Flynn had healed quickly, one of the benefits of being fit and healthy. The gouge the bullet had taken out of him had been closed, meshed and bandaged by the tame, money-driven doctor. Then, with the assistance of liberal doses of good painkillers, sunshine and alcohol, and a festering desire for retribution, Flynn had reached a stage where he thought he could act.
And now he was back in the Gambia. He didn’t care what the reason was for Boone’s death, he just knew that he didn’t deserve to die in that terrible way. And what of Michelle? Not knowing her fate had been gnawing away at Flynn intensely.
He turned into the creek and stopped abruptly.
Boone’s boat was still tethered there, apparently unscathed. Flynn’s heart whammed in his chest. He truly had not expected this, especially having just seen the wreck of the houseboat. At the very least he thought he would find a burned-out husk or no boat at all.
But here she was, Shell, rocking gently in the creek water alongside the other boats moored here.
Had she been commandeered by Boone’s killers? Did she now belong to someone else?

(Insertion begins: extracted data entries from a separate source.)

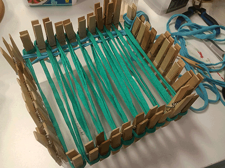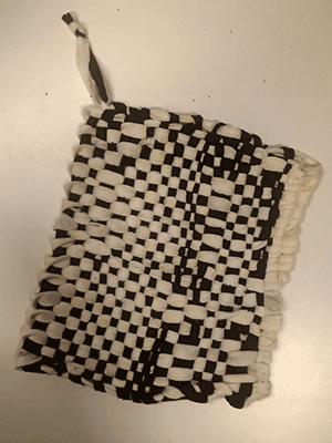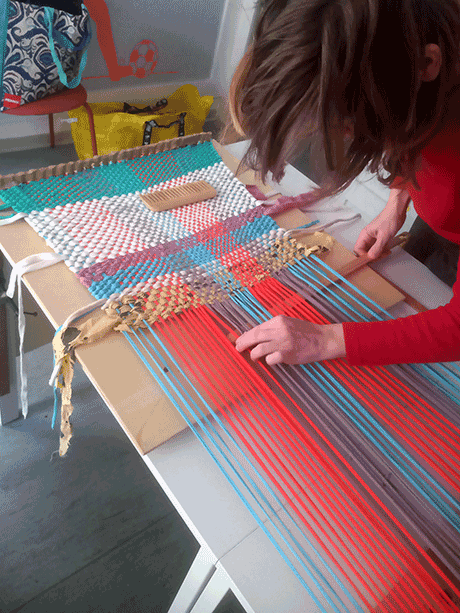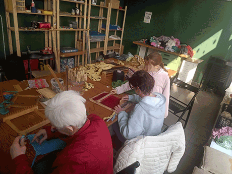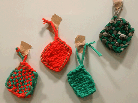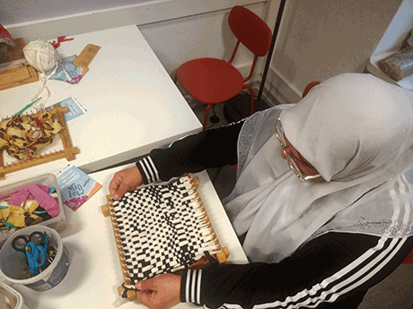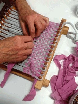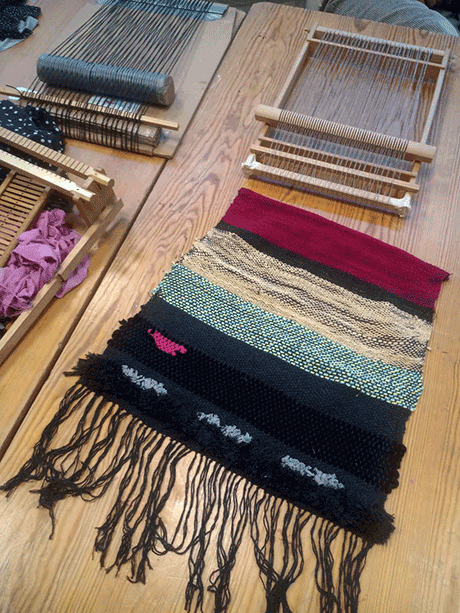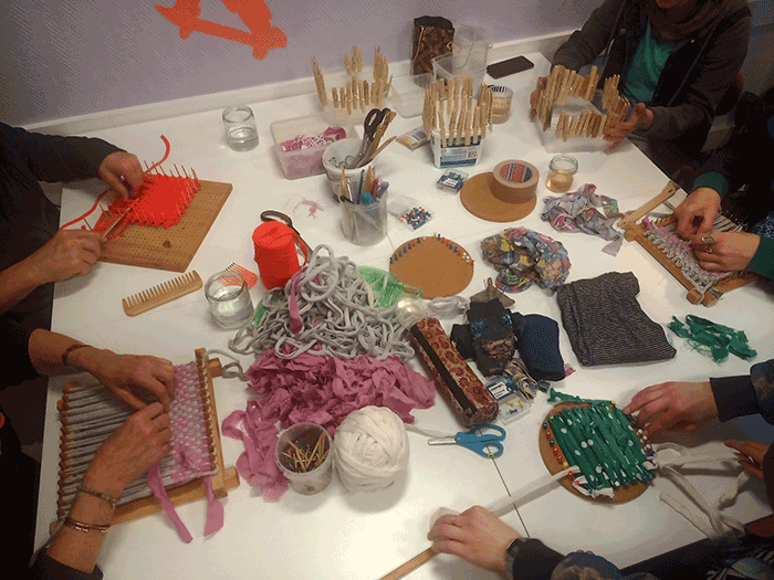 The participants could cut old fabrics (T-Shirts, bedsheets,...) into stripes and weave carpets, potholders or tawashis (little dishwashing clothes).
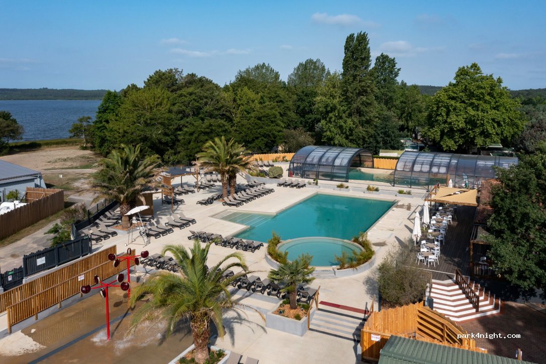 Campsite "Le Col Vert****" located on the shores of Lake Léon. Pleasant reception. Pitches of at least 100 m2. Two swimming pools, one indoor the other outdoor. Many games for children. Supermarket in the campsite, a snack bar and a restaurant. .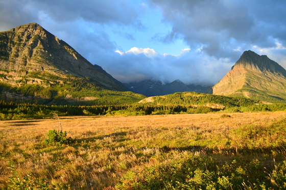 Early morning light hits the majestic peaks at Glacier National Park, Montana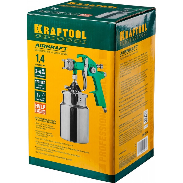 Пневматический краскопульт с нижним бачком AirKraft, HVLP, 1.4 мм KRAFTOOL 06520-1.4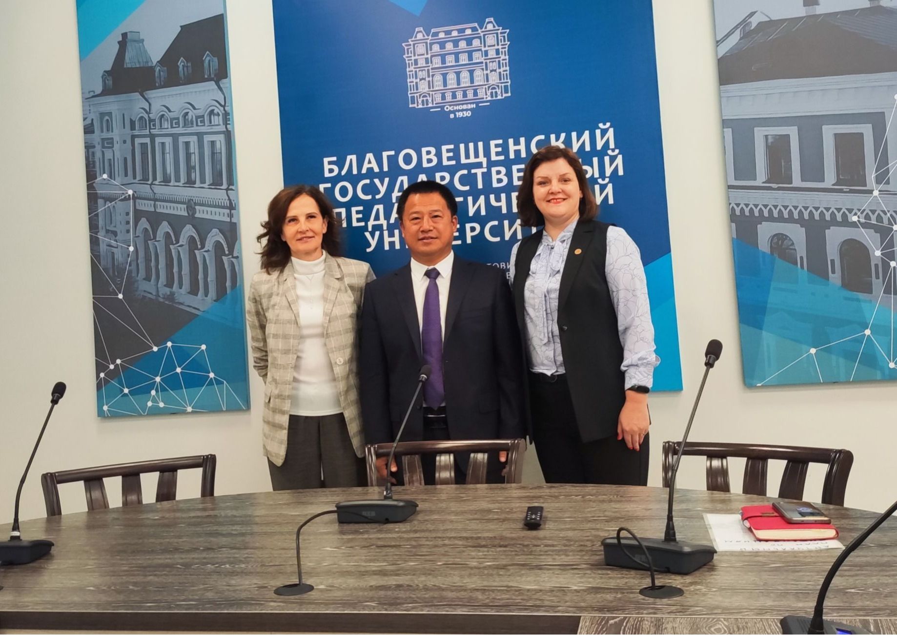 在布拉戈维申斯克国立师范大学,代表团与该校教学副校长波波娃·玛丽娜·尤里耶夫娜、科研副校长基列耶夫娜·娜塔莉娅·弗拉基米尔洛夫娜等相关人员举行会谈。尤里耶夫娜对代表团的来访表示热烈欢迎,表达了进一步深化两校在教学、科研领域合作的意向。陈庆山代表学校感谢布师大多年来对由我校牵头成立的中国东北地区与俄罗斯远东及西伯利亚地区大学联盟的大力支持,并邀请校长维拉·维塔丽耶夫娜·肖金娜参加10月在俄罗斯哈巴罗夫斯克举行的第十四届中俄大学校长论坛。会谈中,双方围绕汉语国际教育和俄语专业学生互派,在生物、化学、数学等领域开展科研合作,共同申报国际科研合作等问题交换了意见,并达成了一致。会后,代表团参观了布师大孔子学院。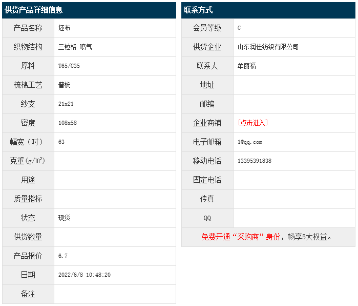 6月8日,山東潤(rùn)佳紡織有限公司滌棉三粒格T65/C35 21x21 108x58 63" 噴氣,報(bào)價(jià)為6.7元/米,實(shí)際成交價(jià)以協(xié)商為準(zhǔn)。[點(diǎn)擊查看詳情]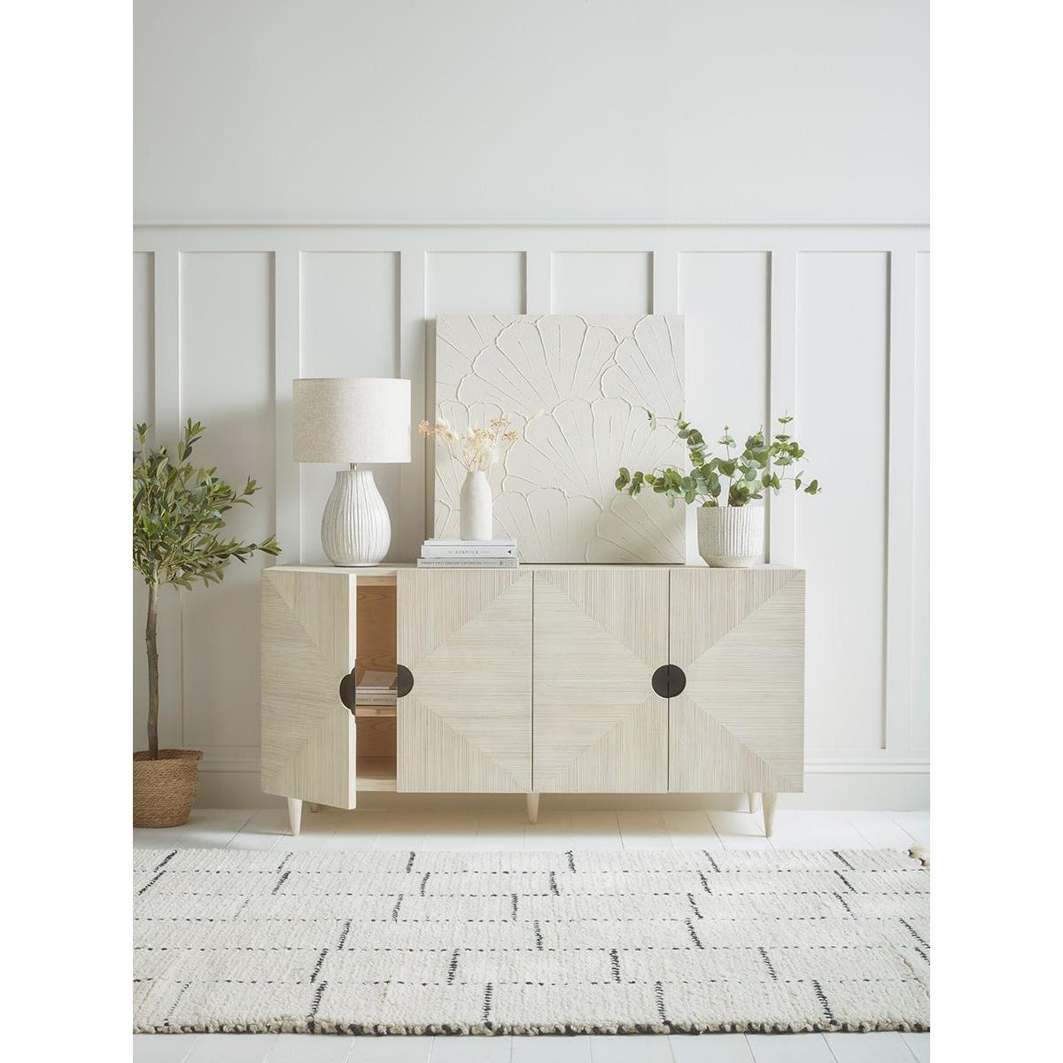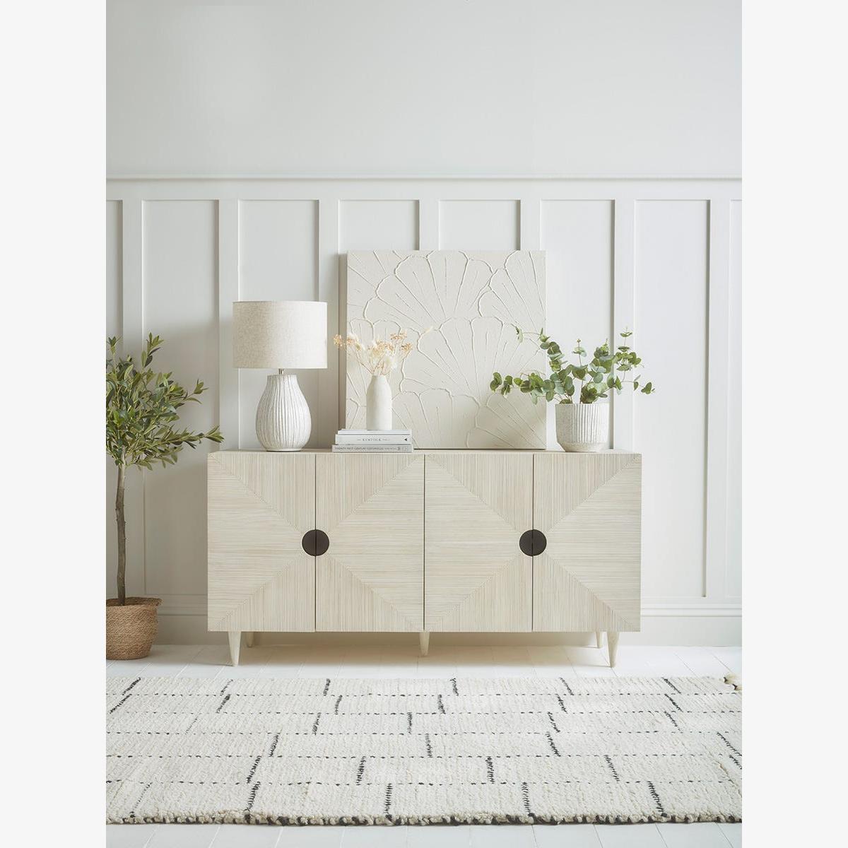 I’m a fan of this Atley sideboard for its clean lines and subtle geometric carving - it brings texture without overwhelming a space. Its pale oak finish suits Scandi, coastal or modern-minimal interiors and pairs nicely with soft greys, muted blues or a pop of terracotta. For styling, keep the top surface decluttered: place a low-profile lamp at one end and a couple of vases or sculptural objects in varying heights toward the centre. A simple piece of artwork or mirror propped behind will add depth, while indoor foliage softens the straight edges and ties the look together.

He moved quietly in his soft-soled deck shoes, his right hand snaking to the small of his back, fingers clasping the handle of the Glock which he extracted slowly and held down by his hip.
There was no sign of life on board, but the boat looked OK.
Instinctively he dropped into a defensive crouch as he approached the stern, where he stopped and listened. Heard nothing.
It was a short leap on to the aft deck, sidestepping the fighting chair. He landed with hardly a noise and stood completely still, listening again. He approached the sliding door that led into the cockpit and tried the handle. The door slid open an inch. He opened it further, wide enough for him to step through into the cockpit. To his right were the wheel and controls, to his left the bench seat and bait area. Ahead was the door, beyond which were the steps leading to the galley and living accommodation.
He crossed to this door and tried the handle. This was locked.
Flynn swore under his breath, took a step back to weigh up the door which was made of thick UPVC in a frame, rather like the back door of a house. In his time as a cop Flynn had booted down many doors, although it had become progressively harder. As a drugs branch detective, entering premises through locked doors was a regular occurrence. In the old days, most doors could easily be removed by size elevens and determination. But as UPVC and multi-lock doors became more common, the cops had become more sophisticated, in a rough sort of way, in their attempts to batter them down. The door Flynn faced that evening was of the newer variety, and even though it was on a boat it was still substantial. He doubted his ability to kick it open using the flat-footed method — but was going to give it a try anyway.
He angled himself side-on to the door, gritted his teeth, and got into the mental attitude required to boot down the door.
But at that moment he felt a gun barrel pressing into the back of his neck, just below his trimmed hairline, at the point where his skull connected with his spine. Flynn did not move an inch, other than to open his fingers when a voice said, ‘Drop your gun.’